After the South surrendered, the White House was used as a headquarters by the Federal troops who occupied Richmond until 1870. The city used the mansion for a school until 1889, then planned to raze it.

The building was saved by a group of women who formed the nonprofit Confederate Memorial Literary Society, which to this day is the legal name of the parent of the museum and Confederate White House. The museum opened in 1896.

The society's incorporation papers, refiled four years ago, ring with the yearning of the lost cause, the era after the war when disciples of Dixie built shrines and decorated graves with what a museum display calls ``some of the characteristics of organized religion.''

The papers refer to ``the late war between the States'' and the ``Struggle,'' and describe the mansion as the former home of ``the Honorable Jefferson Davis, late President of the Confederate States of America.''

About 400 people are expected at this month'sweek's soiree, called the Bonnie Blue Centennial Ball, after a flag of secession. Organizers said they did not know whether any blacks would attend, but said they did not expect many.
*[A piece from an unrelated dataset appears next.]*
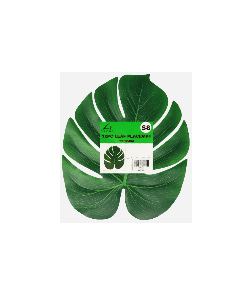Set of 12 leaf-shaped placemats measuring 29x35cm, perfect for enhancing your dining table with a touch of nature.
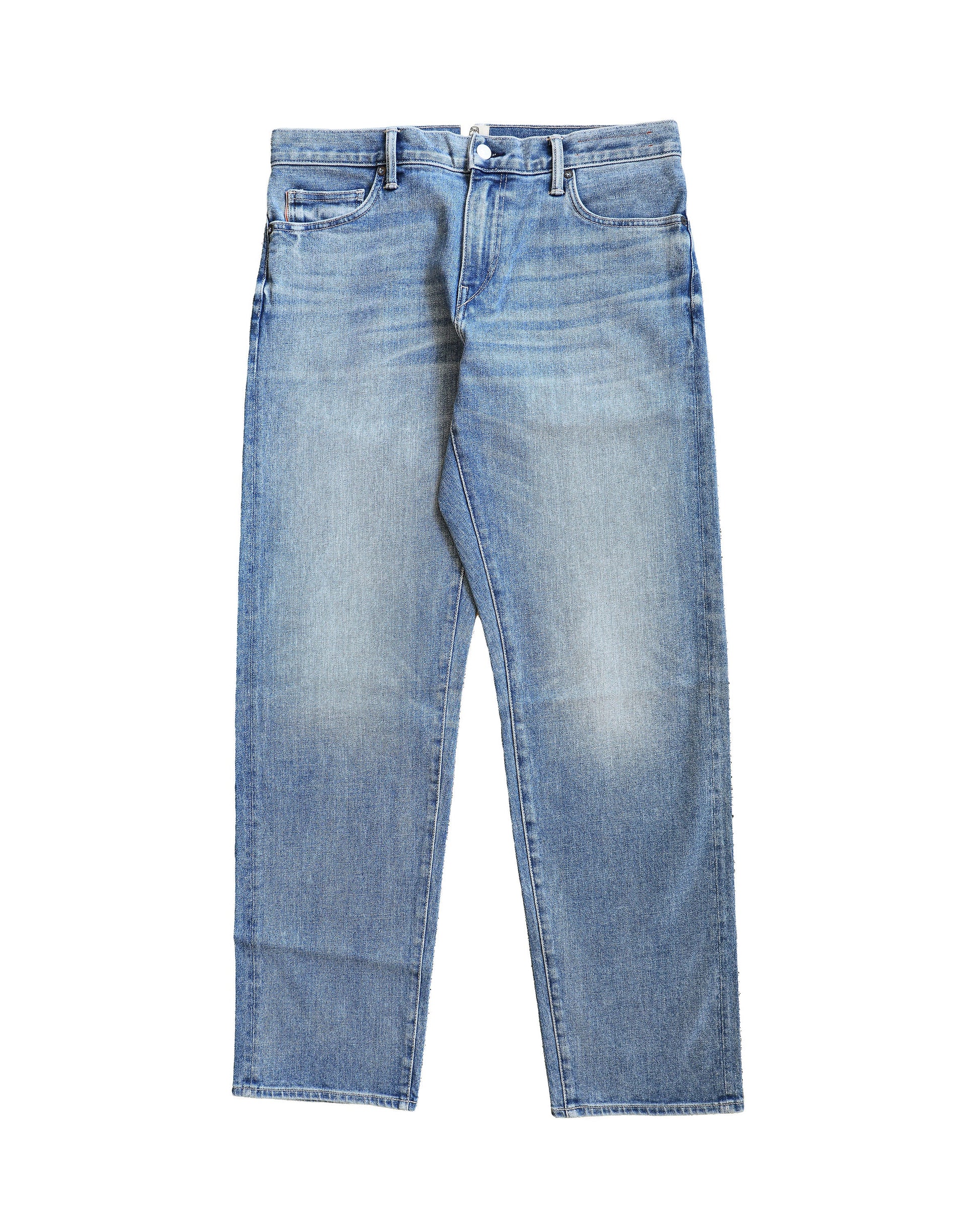 Classic Straight fit, medium rise. Vintage fade indigo Japanese 14oz 4-WAY STRETCH SELVEDGE ™, mid-rise, zip fly, a premium leather patch, and custom-branded hardware. Made in USA.

Neil A. Chiappa, 45, a member of the ball committee, said, ``We realize that there's always going to be an aspect of the population that we're not going to appeal to under any under circumstance.''

Roger Kirby, 30, a member of the ball committee and a museum trustee, said everyone was welcome.

``At the same time, you can't totally obscure what your greatest asset is,'' Kirby said. ``Our asset is the Confederacy. When you do that, I think you start to blur your niche.''

The organizers said they had not considered the delicate question of whether black people will be among those serving. ``That's probably an issue that the caterer would have to deal with,'' Ms. Fillmore said.

The caterer, Suzanne Wolstenholme, said blacks and whites would be among the night's managers, bartenders, carvers and servers.

Tickets are $75 for each couple. In addition, the committee mailed invitations, which say, ``Black or white tie or period dress preferred.''

Annette Price, a historic costumer in Varina, said more than two dozen guests had hired her to create hoop-skirt outfits for $100 to $500. Gray wool uniforms are popular with the men. ``I don't expect any Yankees,'' Price said.